About this task
Except for the pictures, retype the records that follow exactly.

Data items
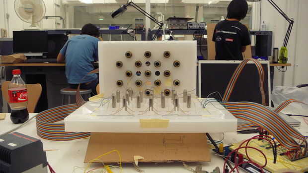A continuación, os adjunto bandas de goma en la parte inferior de la Junta, para mantener los componentes de la pared prensados hacia arriba. Cuando un solenoide, tira la pared abajo.
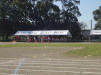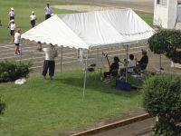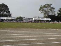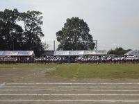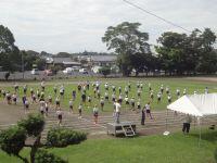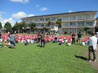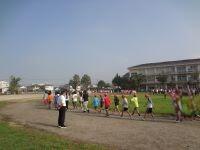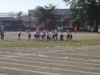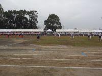 ほぼ予定どおり、開始しました。途中、雨がパラパラと降る時間が短時間でしたがありました。しかし、子どもたちの元気な演技・競技で雨もすぐやみ、予定していた活動を予定どおり行いました。練習の成果も出せました。
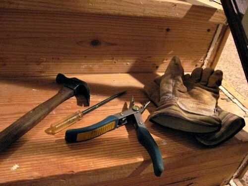 Aquí es una foto de las herramientas que usé para tomar el cuidado de la alfombra. Como he dicho, no tuve ninguna palanca, así que hice con los elementos que tenía en casa. Me tomó más tiempo de lo previsto, pero el resultado final fue bien vale la pena.
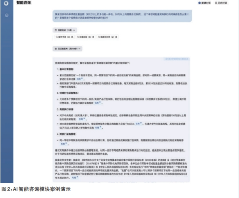 在實際應用中,智慧采購大模型展現出強大的功能。例如,當面對復雜的采購政策問題時,我們向大模型提問:“集采目錄中的單項或批量金額(如5萬以上的多功能一體機、20萬以上的視頻會議系統),在實際執行時是如何累計的?是按照單個經費統計,還是按照學校整體進行統計?”與其他常規通用模型相比,AI智能咨詢模塊不僅能迅速給出正確結論“同一預算單位、同一財政年度、同一品目”,還能精準指出特殊情形,如“高校采購科研設備時可單獨統計”,并支持溯源,引用正確的法律法規及財政部發布的權威信息。這種精準、高效且透明的咨詢服務,充分體現了智慧采購大模型在實際采購場景中的強大優勢,為采購人員和供應商提供了清晰、權威的指導,極大地提升了采購活動的規范性和效率。
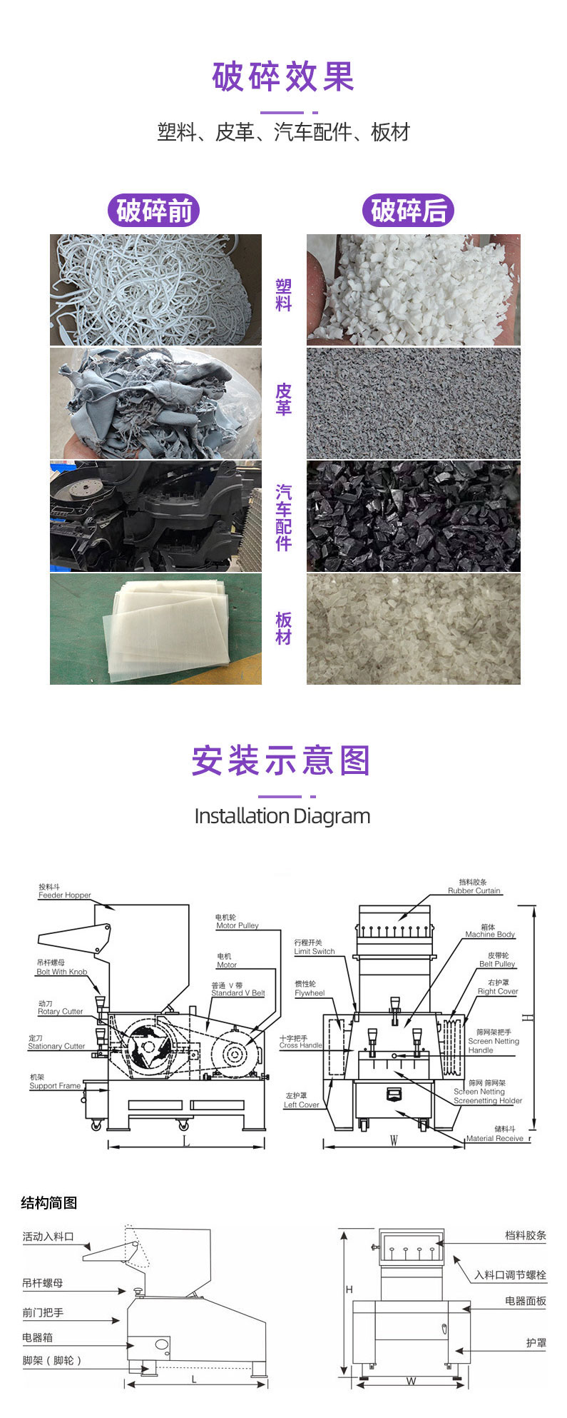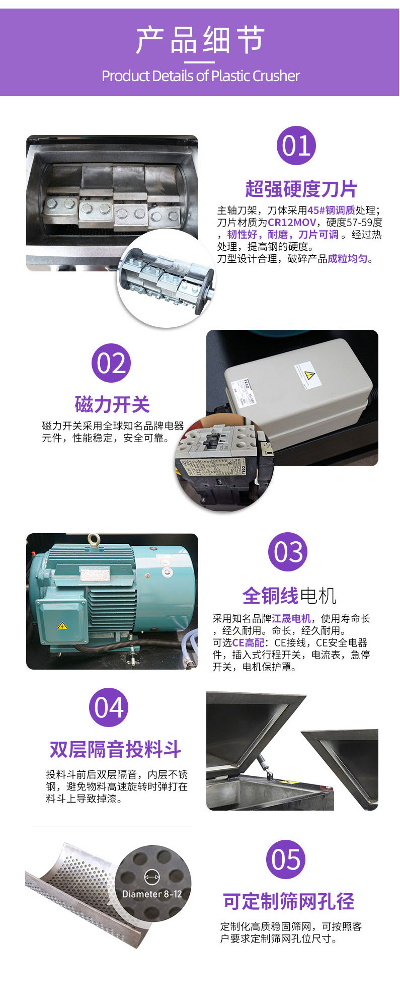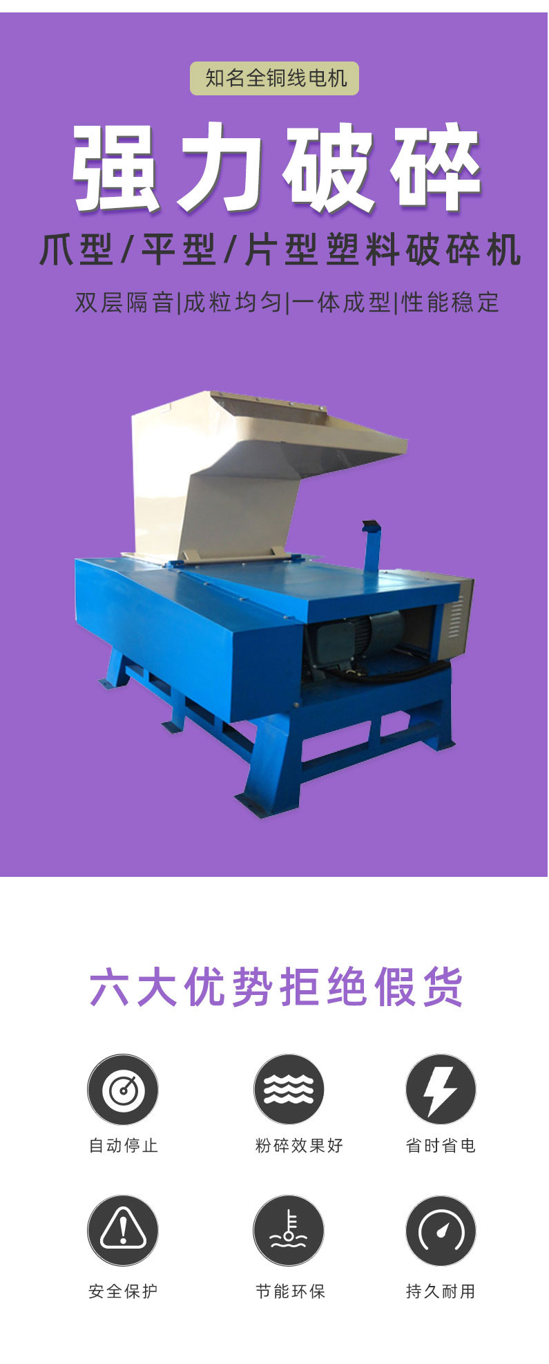 塑料破碎機(jī),大型塑料破碎機(jī)的特點強(qiáng)力破碎機(jī)刀具采用名廠優(yōu)質(zhì)精鋼精工而制,特別堅固耐用,粉碎各類軟、硬塑膠,輕松容易。前后隔音防音設(shè)計,噪音極小。設(shè)計精簡,占地特少,維護(hù)容易。門較式分離設(shè)計,清掃換網(wǎng)特別容易。馬達(dá)裝有過荷保護(hù)與電源連鎖保護(hù),保護(hù)馬達(dá)、刀具、工作人員。制造工藝成熟、機(jī)體、刀架等主要部件采用整體加工,確保配合精度。粉碎膠頭、薄膜,有特別粉碎機(jī)供選擇,以更好的適應(yīng)。
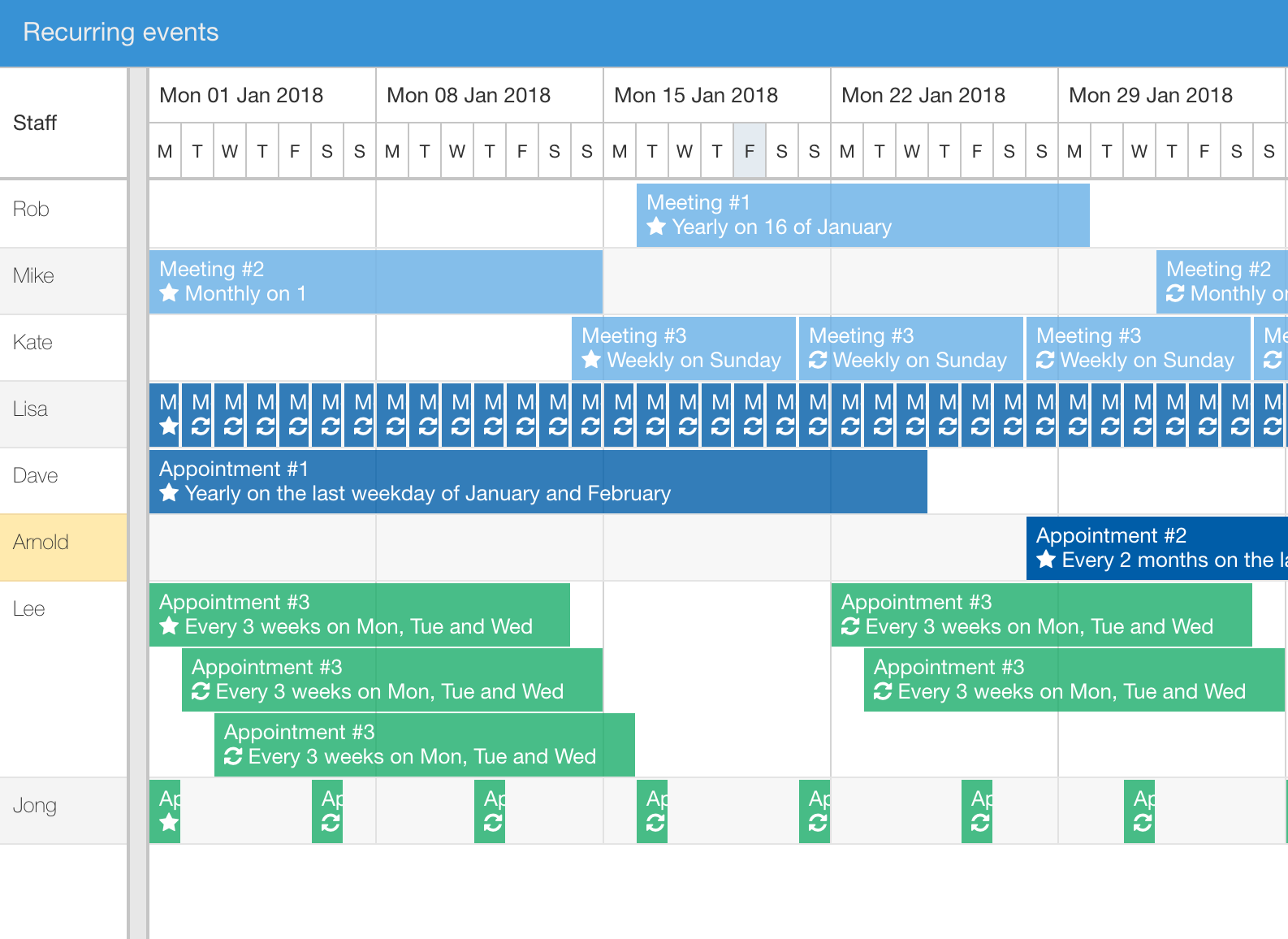 You have most likely used this feature already in other calendar software already, such as Google Calendar or Outlook. We are happy to announce that you can now schedule your tasks on a repeating basis in Ext Scheduler and use any type of recurrence pattern, demonstrated in this demo:

Exercise answer
A continuación, os adjunto bandas de goma en la parte inferior de la Junta, para mantener los componentes de la pared prensados hacia arriba. Cuando un solenoide, tira la pared abajo.
 ほぼ予定どおり、開始しました。途中、雨がパラパラと降る時間が短時間でしたがありました。しかし、子どもたちの元気な演技・競技で雨もすぐやみ、予定していた活動を予定どおり行いました。練習の成果も出せました。
 Aquí es una foto de las herramientas que usé para tomar el cuidado de la alfombra. Como he dicho, no tuve ninguna palanca, así que hice con los elementos que tenía en casa. Me tomó más tiempo de lo previsto, pero el resultado final fue bien vale la pena.
 在實際應用中,智慧采購大模型展現出強大的功能。例如,當面對復雜的采購政策問題時,我們向大模型提問:“集采目錄中的單項或批量金額(如5萬以上的多功能一體機、20萬以上的視頻會議系統),在實際執行時是如何累計的?是按照單個經費統計,還是按照學校整體進行統計?”與其他常規通用模型相比,AI智能咨詢模塊不僅能迅速給出正確結論“同一預算單位、同一財政年度、同一品目”,還能精準指出特殊情形,如“高校采購科研設備時可單獨統計”,并支持溯源,引用正確的法律法規及財政部發布的權威信息。這種精準、高效且透明的咨詢服務,充分體現了智慧采購大模型在實際采購場景中的強大優勢,為采購人員和供應商提供了清晰、權威的指導,極大地提升了采購活動的規范性和效率。
 塑料破碎機(jī),大型塑料破碎機(jī)的特點強(qiáng)力破碎機(jī)刀具采用名廠優(yōu)質(zhì)精鋼精工而制,特別堅固耐用,粉碎各類軟、硬塑膠,輕松容易。前后隔音防音設(shè)計,噪音極小。設(shè)計精簡,占地特少,維護(hù)容易。門較式分離設(shè)計,清掃換網(wǎng)特別容易。馬達(dá)裝有過荷保護(hù)與電源連鎖保護(hù),保護(hù)馬達(dá)、刀具、工作人員。制造工藝成熟、機(jī)體、刀架等主要部件采用整體加工,確保配合精度。粉碎膠頭、薄膜,有特別粉碎機(jī)供選擇,以更好的適應(yīng)。
 You have most likely used this feature already in other calendar software already, such as Google Calendar or Outlook. We are happy to announce that you can now schedule your tasks on a repeating basis in Ext Scheduler and use any type of recurrence pattern, demonstrated in this demo:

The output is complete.